Quando você é contratado e para de exercer atividade remunerada para você mesmo, a obrigação de recolher INSS para de ser sua. 

Neste caso, não é preciso informar ao INSS.

Se você era contribuinte facultativo e virou contribuinte individual:Você precisará escolher uma das opções de contribuinte individual de acordo com o valor que você é obrigado a pagar em cada mês e iniciar a contribuição com este código.

Não é preciso avisar ao INSS, basta preencher a GPS.

Os recolhimentos como facultativo não serão perdidos e continuarão valendo para sua aposentadoria e outros benefícios do INSS.

Caso você era contribuinte individual e virou facultativo:Não é preciso comunicar o INSS.

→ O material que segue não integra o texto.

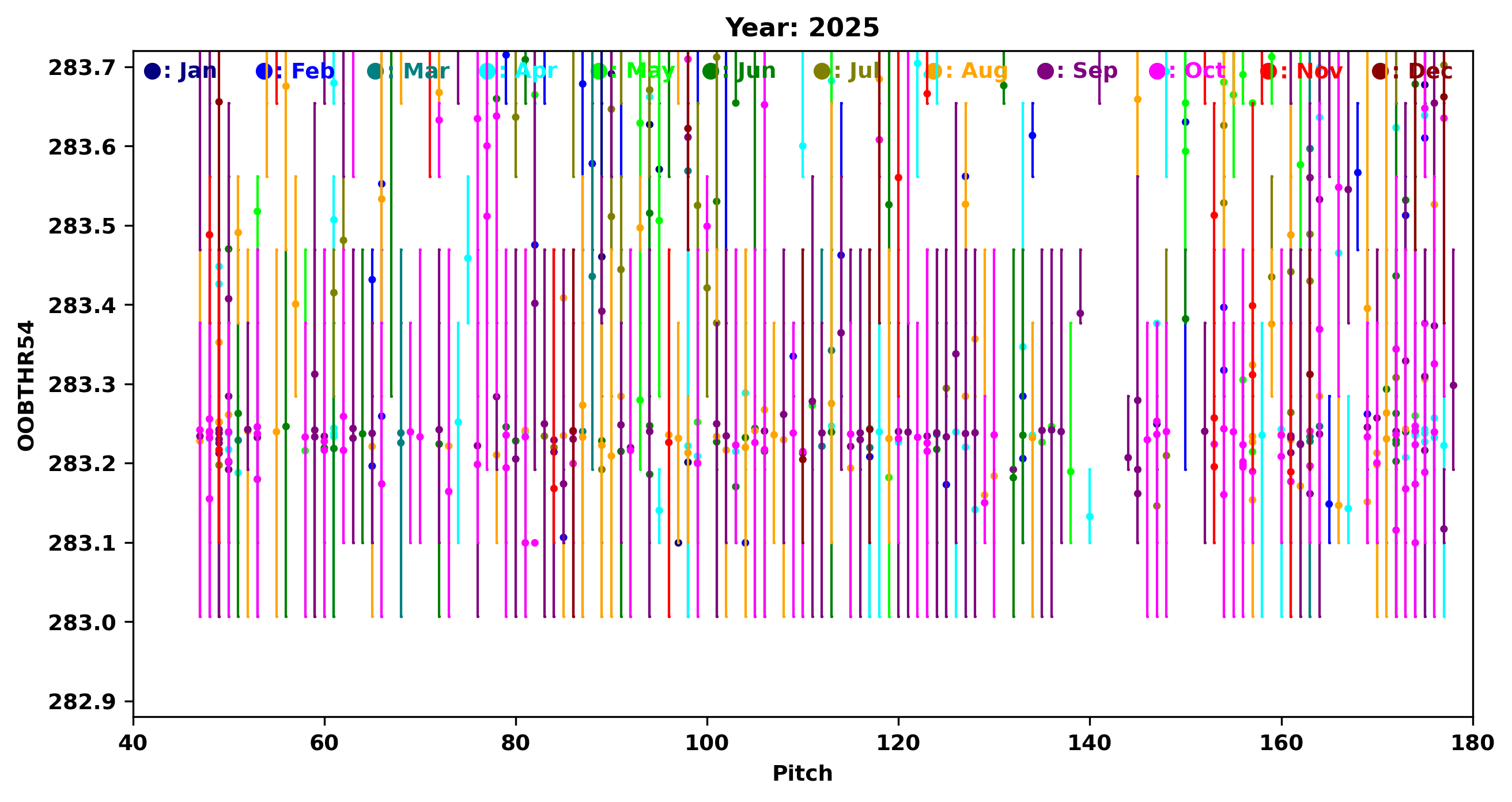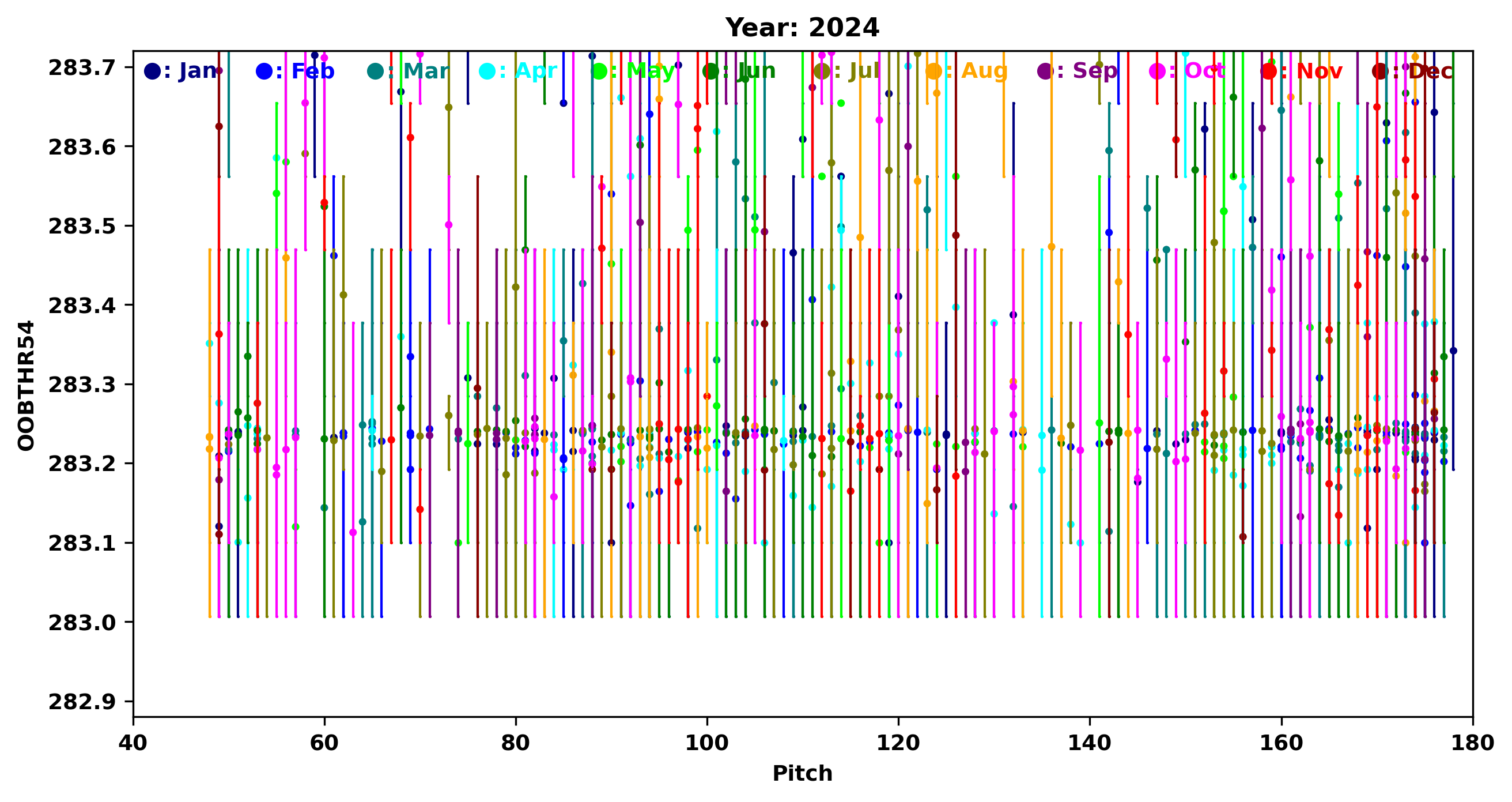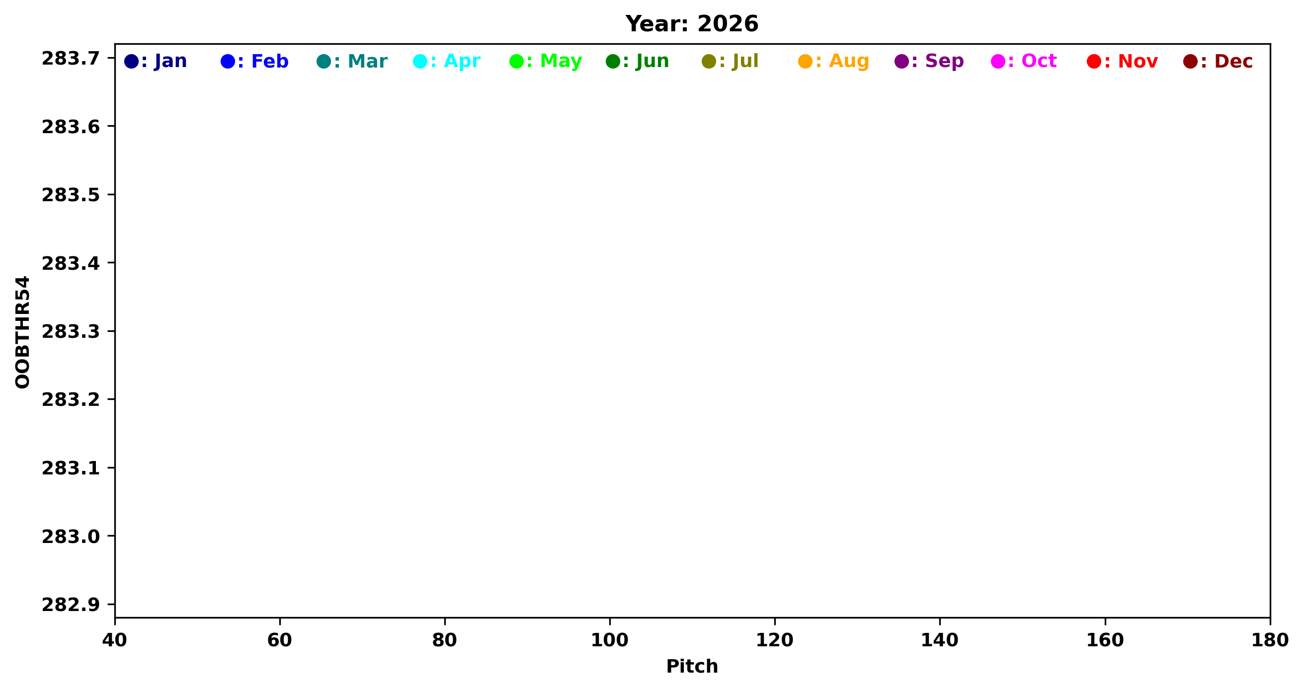 Click the dot in the table to select the year to display. Or click the lime color arrows at either side of the plot to move to the previous or the next year.

Tudo que precisará ser feito é preencher a GPS escolhendo um tipo de código do contribuinte facultativo.

Pagamento mensal ou trimestral Existem duas alternativas de recolhimento da colaboração: a mensal e a trimestral. 

O recolhimento mensal deve ser feito, no máximo, até o dia 15 do mês seguinte ao referente da contribuição. 

Ou seja, o pagamento de agosto, por exemplo, deve ser efetuado até o 15 de setembro.

Para quem desejar contribuir menos vezes durante o ano, existe também a opção do pagamento trimestral.

O valor da contribuição nesse tipo de recolhimento é o salário mínimo multiplicado por três, multiplicado pela alíquota correspondente à atual situação.

O pagamento deve ser realizado entre o dia 1º e o dia 15 do mês seguinte ao fim do trimestre. 

Assim, o correspondente ao 1º trimestre, de janeiro a março deve ser pago entre dia 1º e dia 15 de abril.

O INSS autônomo é importante para você estar infalivelmente regularizado e se precisar de qualquer tipo de auxílio poderá contar com os benefícios do governo, por isso se quiser ajuda profissional para fazer de forma correta, entre em contato com nossa equipe de especialistas.

Dica Extra do Jornal Contábil: Compreenda e realize os procedimentos do INSS para usufruir dos benefícios da previdência social. 

Já pensou você saber tudo sobre o INSS desde os afastamentos até a solicitação da aposentadoria, e o melhor, tudo isso em apenas um final de semana? Uma alternativa rápida e eficaz é o curso INSS na prática

Trata-se de um curso rápido, porém completo e detalhado com tudo que você precisa saber para dominar as regras do INSS, procedimentos e normas de como levantar informações e solicitar benefícios para você ou qualquer pessoa que precise. 

Não perca tempo, clique aqui e domine tudo sobre o INSS.